--- The records Enclosed Below ---
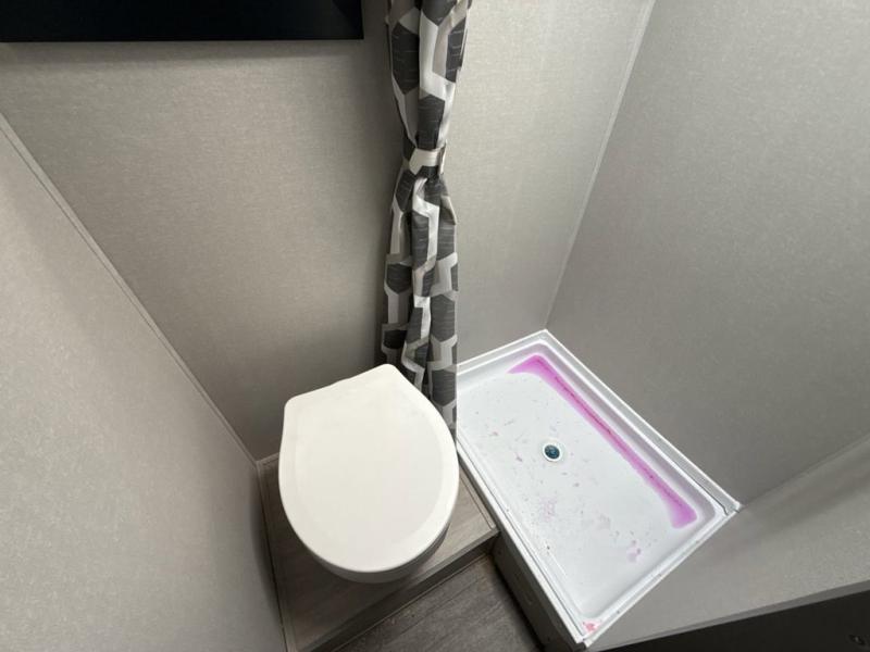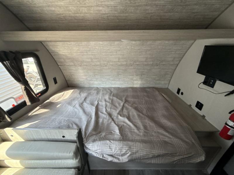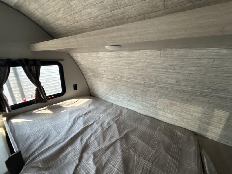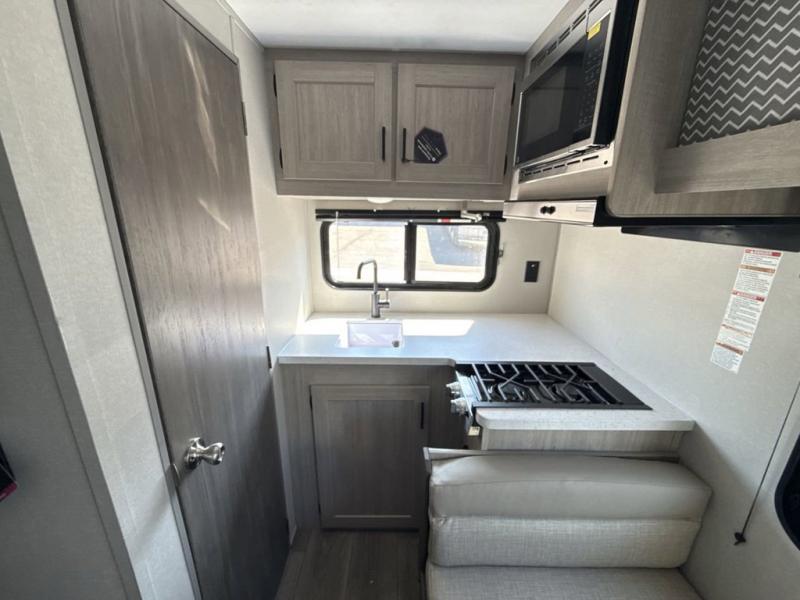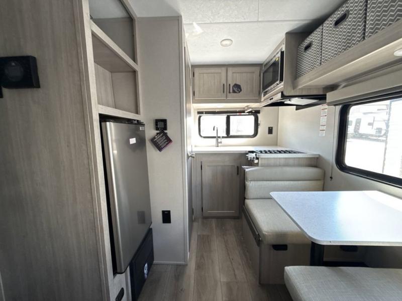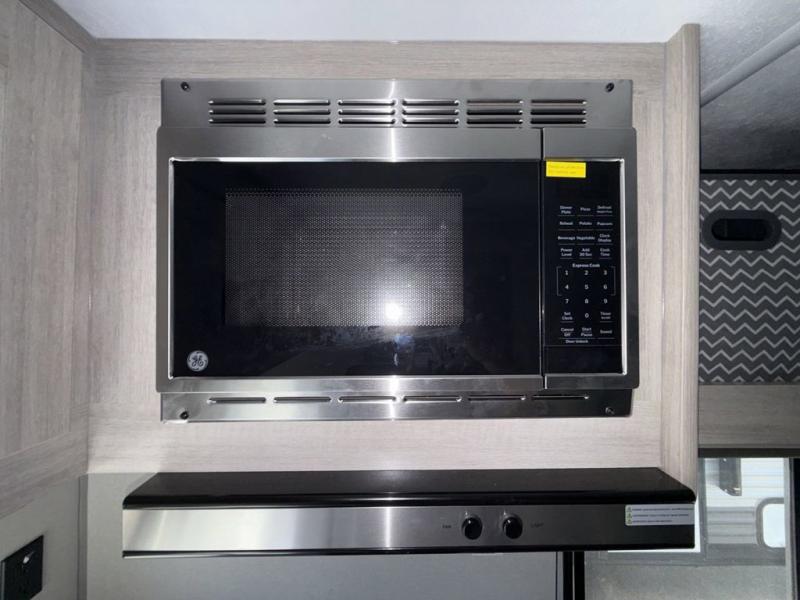 Lightweight camping is easier than you think with this travel trailer in tow! The front 54" x 74" queen bed will provide a great night's rest each night, while your overnight guest takes the 60" Jack knife sofa. There is a handy shelf above the front bed for your belongings plus a shelf with bins over the sofa. A private bath includes a 24" x 32" shower and a toilet with a mirror behind it so you can freshen up each day. You'll also find a two burner cooktop and microwave oven to make meals each day plus a 3.3 cu. ft. 12V refrigerator for food storage!
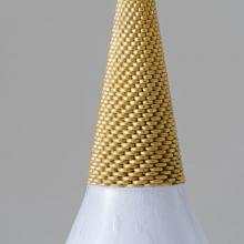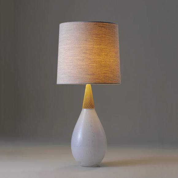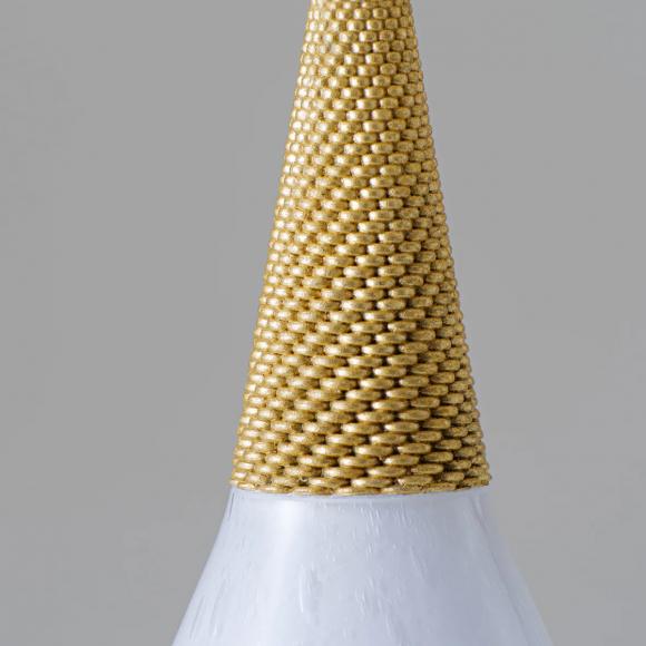 To achieve the smooth drop shape of the Pearldrop Lamp, the glass has been mould-blown. The piece is made in bubbled milk glass, creating a luxurious opaque finish and paired with a collar painted in our workshop.
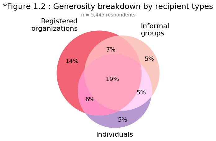 These estimates carry inherent limitations. Charitable giving amounts are self-reported and rely on 12-month retrospective recall, which is subject to memory error and social desirability bias. Results should be interpreted as indicative rather than precise. This measure does not account for relevant differences in generational wealth, accrued assets, or household size.
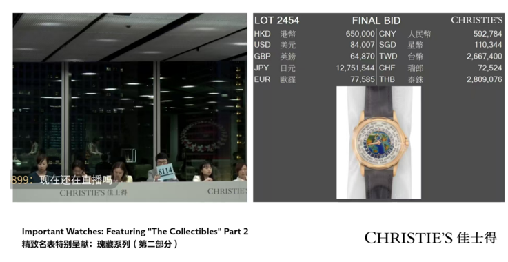 佳士得2024年秋季名表拍卖会藏家委托竞拍直播截图
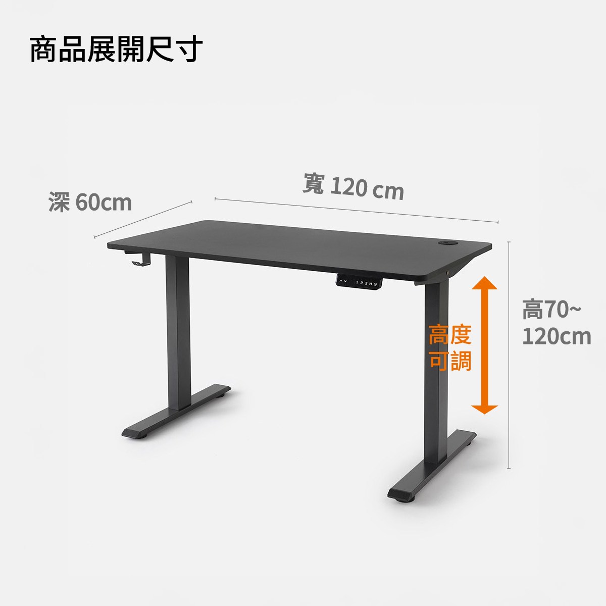伊登電動升降辦公桌 120cm 黑
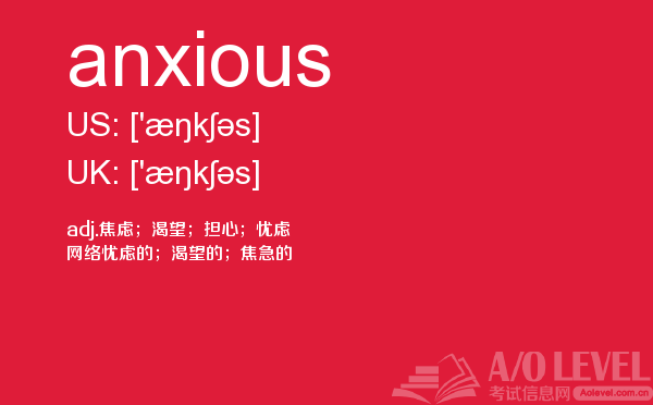 在a-level备考的过程中,想要冲刺到a-level写作的高分,相信大家都应该会知道,除了需要掌握a-level写作的一些技巧之外,优化文章中的词汇和句型也是冲刺高分的关键所在。也就是说,只有充分掌握了语法知识,才能让我们的的文章更为丰富形象。除了a-level写作,在a-level其他方面同学们也需要了解,下面课窝a/o-level考试网小编给大家带来a-level单词anxious的介绍。如果您想了解爱德思alevel申请大学,爱德思alevel考试答案,alevel数学公式,alevel中国等关于a-level考试的相关资讯,请继续浏览并关注课窝a/o-level考试网。
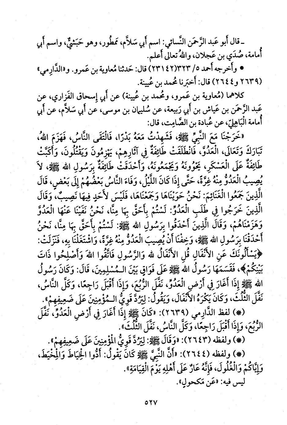 «خرجنا مع النبي صَلى الله عَليه وسَلم فشهدت معه بدرا، فالتقى الناس، فهزم الله، تبارك وتعالى، العدو، فانطلقت طائفة في آثارهم، يهزمون ويقتلون، وأكبت طائفة على العسكر، يحوونه ويجمعونه، وأحدقت طائفة برسول الله صَلى الله عَليه وسَلم لا يصيب العدو منه غرة، حتى إذا كان الليل، وفاء الناس بعضهم إلى بعض، قال الذين جمعوا الغنائم: نحن حويناها وجمعناها، فليس لأحد فيها نصيب، وقال الذين خرجوا في طلب العدو: لستم بأحق بها منا، نحن نفينا عنها العدو وهزمناهم، وقال الذين أحدقوا برسول الله صَلى الله عَليه وسَلم: لستم بأحق بها منا، نحن أحدقنا برسول الله صَلى الله عَليه وسَلم وخفنا أن يصيب العدو منه غرة، واشتغلنا به، فنزلت: {يسألونك عن الأنفال قل الأنفال لله والرسول فاتقوا الله وأصلحوا ذات بينكم}، فقسمها رسول الله صَلى الله عَليه وسَلم على فواق بين المسلمين، قال: وكان رسول الله صَلى الله عَليه وسَلم إذا أغار في أرض العدو، نفل الربع، وإذا أقبل راجعا، وكل الناس، نفل الثلث، وكان يكره الأنفال، ويقول: ليرد قوي المؤمنين على ضعيفهم».
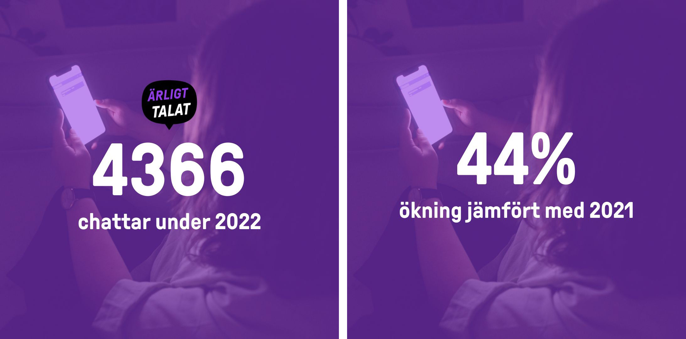 2022 var ett rekordår för stödchatten ÄRLIGT TALAT! Det var 4366 ungdomar och unga vuxna som tog kontakt, aldrig tidigare har vi haft så många chattar under ett år. Det är en ökning med 44% jämfört med Corona-året 2021.
--- End of Enclosed The records ---
What you have to do: Would you copy, word for word, only the lines above from the one containing "These estimates carry" through the one containing "在a-level备考的过程中", both included, and please leave out the pictures?

Final answer:
 These estimates carry inherent limitations. Charitable giving amounts are self-reported and rely on 12-month retrospective recall, which is subject to memory error and social desirability bias. Results should be interpreted as indicative rather than precise. This measure does not account for relevant differences in generational wealth, accrued assets, or household size.
 佳士得2024年秋季名表拍卖会藏家委托竞拍直播截图
伊登電動升降辦公桌 120cm 黑
 在a-level备考的过程中,想要冲刺到a-level写作的高分,相信大家都应该会知道,除了需要掌握a-level写作的一些技巧之外,优化文章中的词汇和句型也是冲刺高分的关键所在。也就是说,只有充分掌握了语法知识,才能让我们的的文章更为丰富形象。除了a-level写作,在a-level其他方面同学们也需要了解,下面课窝a/o-level考试网小编给大家带来a-level单词anxious的介绍。如果您想了解爱德思alevel申请大学,爱德思alevel考试答案,alevel数学公式,alevel中国等关于a-level考试的相关资讯,请继续浏览并关注课窝a/o-level考试网。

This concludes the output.